Required action:
Go through the data below and copy it exactly, skipping every picture.

Provided data:
------------------------------

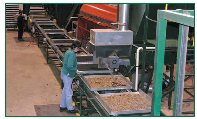
Cone and seed processing.

and seed processing volumes are three times that of the past 10-year average. Currently, the TSC is processing about 10 000 hectolitres each year. In order to meet these increasing production levels, cone and seed processing operations run continuously throughout the year, at times on a more than one-shift basis. Staff at the TSC are also seeing an increase in requests for expedited processing and service complexity, particularly for those production, family and research lots originating from seed orchards.
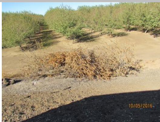
View of the prunings along the landside toe.
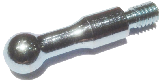
Threaded Ball Stud™ Patent No.: US 9,211,027 B2

------------------------------

Task result:
Cone and seed processing.

and seed processing volumes are three times that of the past 10-year average. Currently, the TSC is processing about 10 000 hectolitres each year. In order to meet these increasing production levels, cone and seed processing operations run continuously throughout the year, at times on a more than one-shift basis. Staff at the TSC are also seeing an increase in requests for expedited processing and service complexity, particularly for those production, family and research lots originating from seed orchards.
View of the prunings along the landside toe.
Threaded Ball Stud™ Patent No.: US 9,211,027 B2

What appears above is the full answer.